Il trouve que leur présence permanente sur les arrêts-bus lui permet souvent de les différencier des voleurs. En plus, ils ne demandent rien aux clients des bus ou des taxis si ce n’est que les guider. « Leur plus grand défaut, ils se droguent beaucoup. »
Pour ce qui est des commissionnaires, il trouve aussi qu’ils sont utiles surtout en faveur des gens qui sont trop occupés par le travail. Certains, arrivent à avoir ce dont ils ont besoin grâce au travail des commissionnaires. « Pour trouver une maison par exemple, je ne pourrais jamais avoir le temps de passer de parcelle en parcelle. On recourt tous à leurs services. Ils s’arrangent pour connaître les maisons à louer, les voitures et les parcelles à acheter et bien d’autres services. »
A.N. n’est pas du même avis. Il trouve qu’ils ne font rien à part semer la pagaille. « Ce sont des fainéants qui ne veulent pas travailler. Je suis un peu du côté du ministre, mais je n’irai pas aussi loin que lui ».
Pour lui, les rabatteurs sont des délinquants qui n’ont jamais travaillé et qui veulent la vie facile. Quant aux commissionnaires, il trouve que ce sont des opportunistes. « A chaque fois que les demandes en maisons de location augmentent, ils font monter les loyers en promettant aux bailleurs des clients à forts revenus. »
Avec l’afflux des Congolais à Bujumbura par exemple, il affirme que les commissionnaires ont fait monter les loyers d’une manière exagérée.
Quid du respect de la loi ?
Me Fabien Segatwa trouve que l’ordre de mettre sous les verrous les commissionnaires et les rabatteurs n’est pas conforme à la loi en vigueur au Burundi. « Je pense que l’ancien ministre a agi en politicien et non en juriste. »

Selon la loi, le commissionnaire est celui qui a reçu le mandat de faire quelque chose pour le compte de celui qui l’a commissionné, que l’on appelle en droit le mandant. L’article 256 du Code civil stipule que le mandat ou procuration est un acte par lequel une personne donne à une autre le pouvoir de faire quelque chose pour le mandant et en son nom. Le contrat ne se forme que par l’acceptation du mandataire.
Et l’article 527 dit que le mandat peut être donné, ou par acte authentique, ou par écrit sous seing privé, même par lettre.

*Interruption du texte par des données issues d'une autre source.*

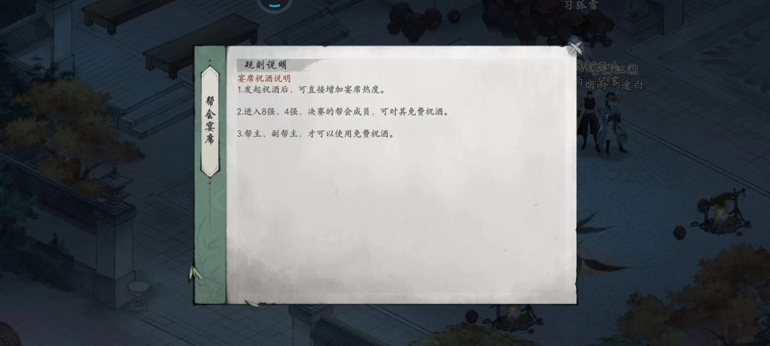 祝酒:消耗元宝288给指定人祝酒,可增加热度10点(是否增加对方醉意不清楚)。当玩家进入论剑8强、4强、决赛时,帮主和副帮主可以为其免费祝酒。(可能有BUG,有人反馈依然会消耗元宝)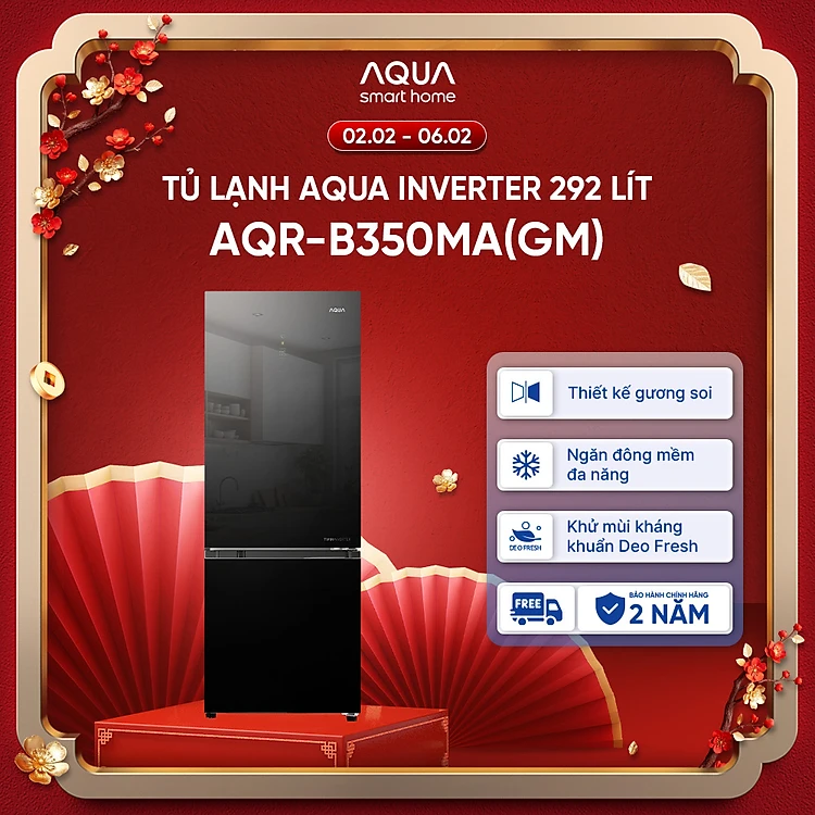 Freeship toàn quốc - Tủ lạnh ngăn đông dưới Aqua Inverter 292 lít AQR-B350MA(GM) - Bảo hành 2 năm - Hàng chính hãng

Il peut aussi être donné verbalement. L’acceptation du mandat peut n’être que tacite et résulter de l’exécution qui lui a été donnée par le mandataire.
La loi nᵒ 1/01 du 16 janvier 2015 portant révision de la loi nᵒ 1/07 du 26 avril 2010 portant code de commerce, section 2 des droits du commissionnaire, article 242, le commissionnaire acquiert les droits résultant du contrat et demeure personnellement obligé envers ceux avec lesquels il a contracté. Les tiers peuvent opposer au commissionnaire tous les moyens de défense résultant de leurs rapports personnels. Ils n’ont aucune action directe contre le commettant.